ELK (Elasticsearch + Logstash + Kibana) — powerful, but Elasticsearch alone wants 2GB+ of RAM. That’s a quarter of my VPS for log indexing
Graylog — same problem, Java-based, heavy
Papertrail/Logtail — SaaS, costs money, sends my logs to someone else’s servers

Loki is Grafana Labs’ answer to “what if log aggregation was cheap?” The key insight: Loki indexes only labels (like app name, log level), not the full text of every log line. It’s like grep with a time filter and label selectors. Way less storage and RAM than Elasticsearch.

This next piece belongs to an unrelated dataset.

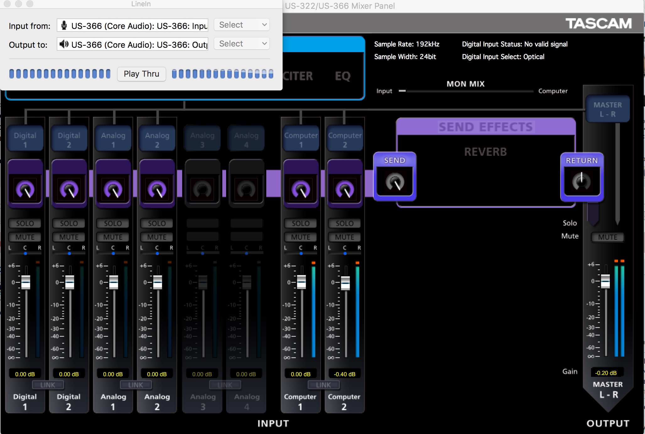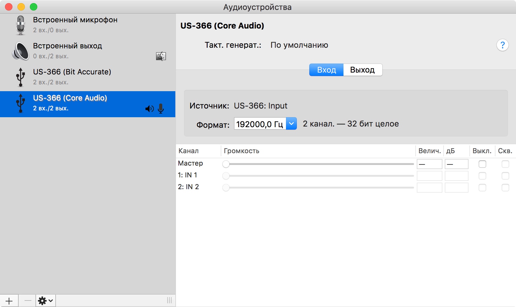 Ну, без дополнительных ухищрений звука нет. Хотя в системных настройках компьютере и вход, и выход - US-366. B и главное, они ведь видят сигнал, индикатор входа активен.

The trade-off is query speed. Full-text search in Elasticsearch is fast because everything is indexed. Loki scans through compressed log chunks at query time — it’s slower for “find this string anywhere in 30 days of logs” queries. For “show me errors from my API in the last hour” queries, it’s fast enough that you’ll never notice.

Architecture

PM2 apps → log files → Promtail → Loki → Grafana
systemd services → journald → Promtail → Loki → Grafana
Docker containers → json-file logs → Promtail → Loki → Grafana

Promtail is the agent — it tails log files and ships them to Loki. If you’re already running Prometheus, this mental model is familiar: Promtail is to Loki what node_exporter is to Prometheus. It runs on the same host as your apps, reads log files (or journald), and pushes entries upstream with labels attached.

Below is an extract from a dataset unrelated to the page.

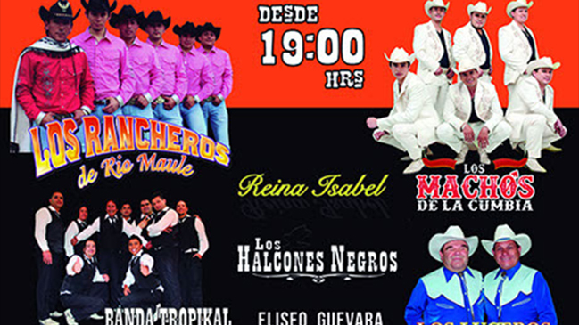Artistas como Los Rancheros del Río Maule, Los Machos de la Cumbia, Reina Isabel, Los Luceros del Valle, Eliseo Guevara, Banda Tropikal de Vallenar y Los Halcones Negros, participarán de esta velada.

Everything talks HTTP. Loki exposes a push endpoint and a query API. No special protocols, no message queues. Simple.

Promtail config

server:
  http_listen_port: 9080

positions:
  filename: /var/lib/promtail/positions.yaml

clients:
  - url: http://localhost:3100/loki/api/v1/push

scrape_configs:
  - job_name: pm2
    static_configs:
      - targets: [localhost]
        labels:
          job: pm2
          __path__: /home/*/.pm2/logs/*.log
    pipeline_stages:
      - regex:
          expression: '(?P<app>[^/]+?)(?:-out|-error)\.log$'
          source: filename
      - labels:
          app:

  - job_name: journald
    journal:
      labels:
        job: journald
    relabel_configs:
      - source_labels: ['__journal__systemd_unit']
        target_label: unit
      - source_labels: ['__journal_priority_keyword']
        target_label: level

  - job_name: docker
    static_configs:
      - targets: [localhost]
        labels:
          job: docker
          __path__: /var/lib/docker/containers/*/*-json.log
    pipeline_stages:
      - json:
          expressions:
            stream: stream
            log: log
      - labels:
          stream:
      - output:
          source: log

Three scrape configs. PM2 log files with the app name extracted from the filename. journald for systemd services with priority mapped to a level label. Docker containers with the JSON log format parsed so you get the actual message, not the raw JSON blob.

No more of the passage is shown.